Decisão · STJ

STJ HC 1059884

Rel. ROGERIO SCHIETTI CRUZjulgado em 2025-12-10publicado em 2026-04-22
PROCESSUAL
AGRAVO REGIMENTAL NO HABEAS CORPUS. APROPRIAÇÃO INDÉBITA. AÇÃO CIVIL AJUIZADA PELO RECORRENTE. QUESTÃO PREJUDICIAL ALEGADA. SUSPENSÃO DO PROCESSO. ART. 93 DO CPP. FACULDADE JUDICIAL. PECULIARIDADES DO CASO. AGRAVO REGIMENTAL NÃO PROVIDO. 1. A suspensão do processo penal em razão de questão prejudicial, conforme previsão do art. 93 do CPP, é facultativa e depende da prudente discricionariedade do juízo. Trata-se de uma possibilidade processual que deve ser avaliada considerando as circunstâncias específicas do caso concreto; não configura direito subjetivo da parte. 2. A Corte estadual assinalou que a conduta imputada na esfera penal, apropriação de valores pertencentes ao cliente, sem repasse e com dolo de assenhoramento, independe do desfecho da controvérsia cível. Desse modo, não há necessidade de suspensão processual para discussão de questão prejudicial. 3. Agravo regimental não provido. RELATÓRIO LUIZ HENRIQUE GRACIANO DE OLIVEIRA interpõe agravo regimental contra decisão de fls. 698-704, na qual deneguei o habeas corpus. A defesa sustenta que "é claramente perceptível a necessidade de suspensão da presente ação penal até o trânsito em julgado da ação cível, pois a existência da infração penal ora imputada ao paciente depende da solução dos fatos na esfera cível" (fl. 713).
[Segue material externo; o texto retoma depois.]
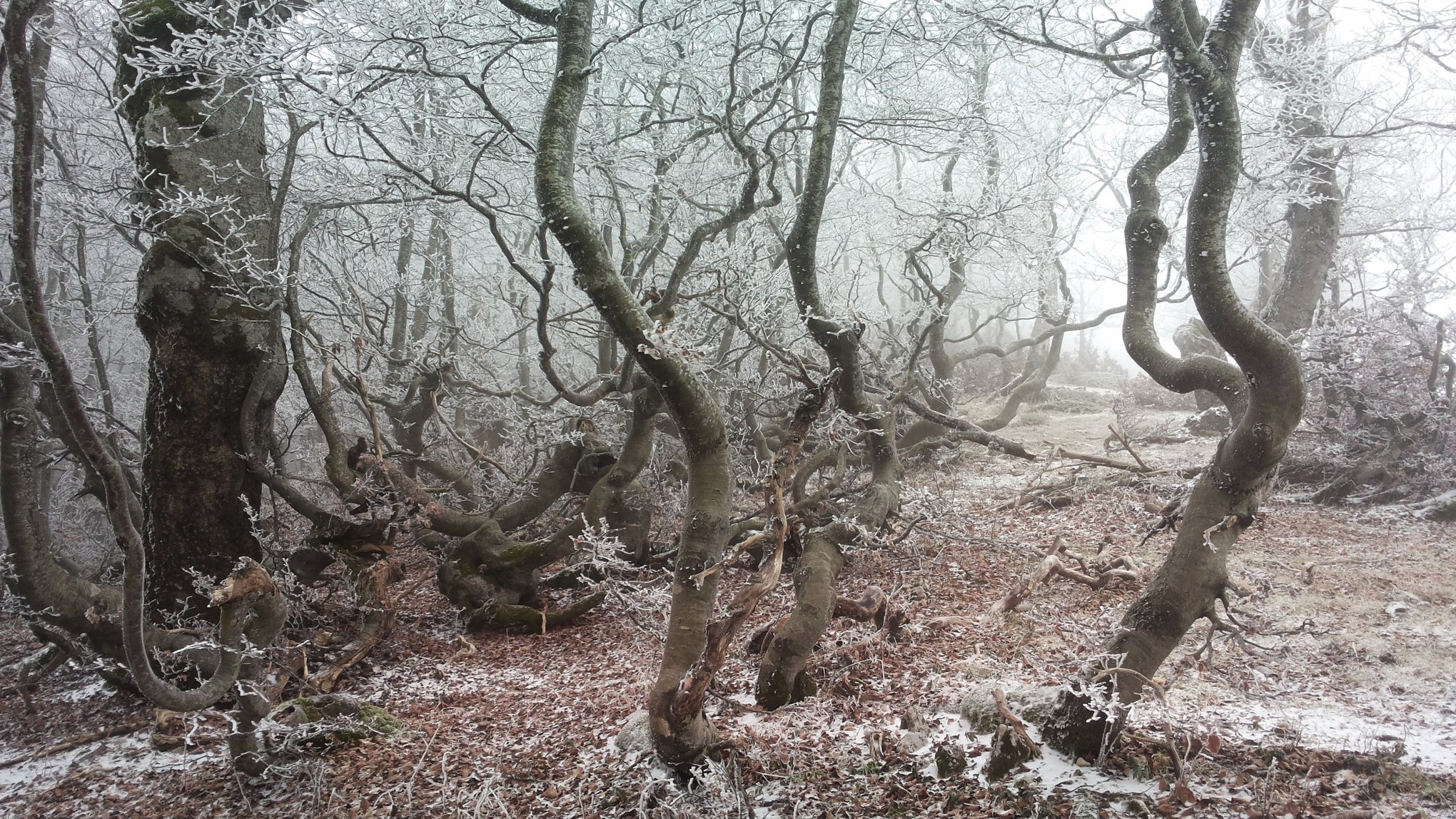 Nella foto un bosco avvolto nella galaverna, nel Parco dei monti Simbruini

Afirma que "não houve apropriação indébito, mas tão somente recebimento de valores relativos à prestação de serviços advocatícios" (fls. 714-715). Requer, dessa forma, caso não haja reconsideração da decisão anteriormente proferida, seja o feito submetido à apreciação do órgão colegiado. EMENTA AGRAVO REGIMENTAL NO HABEAS CORPUS. APROPRIAÇÃO INDÉBITA. AÇÃO CIVIL AJUIZADA PELO RECORRENTE. QUESTÃO PREJUDICIAL ALEGADA. SUSPENSÃO DO PROCESSO. ART. 93 DO CPP. FACULDADE JUDICIAL. PECULIARIDADES DO CASO. AGRAVO REGIMENTAL NÃO PROVIDO. 1. A suspensão do processo penal em razão de questão prejudicial, conforme previsão do art. 93 do CPP, é facultativa e depende da prudente discricionariedade do juízo. Trata-se de uma possibilidade processual que deve ser avaliada considerando as circunstâncias específicas do caso concreto; não configura direito subjetivo da parte. 2. A Corte estadual assinalou que a conduta imputada na esfera penal, apropriação de valores pertencentes ao cliente, sem repasse e com dolo de assenhoramento, independe do desfecho da controvérsia cível. Desse modo, não há necessidade de suspensão processual para discussão de questão prejudicial. 3. Agravo regimental não provido.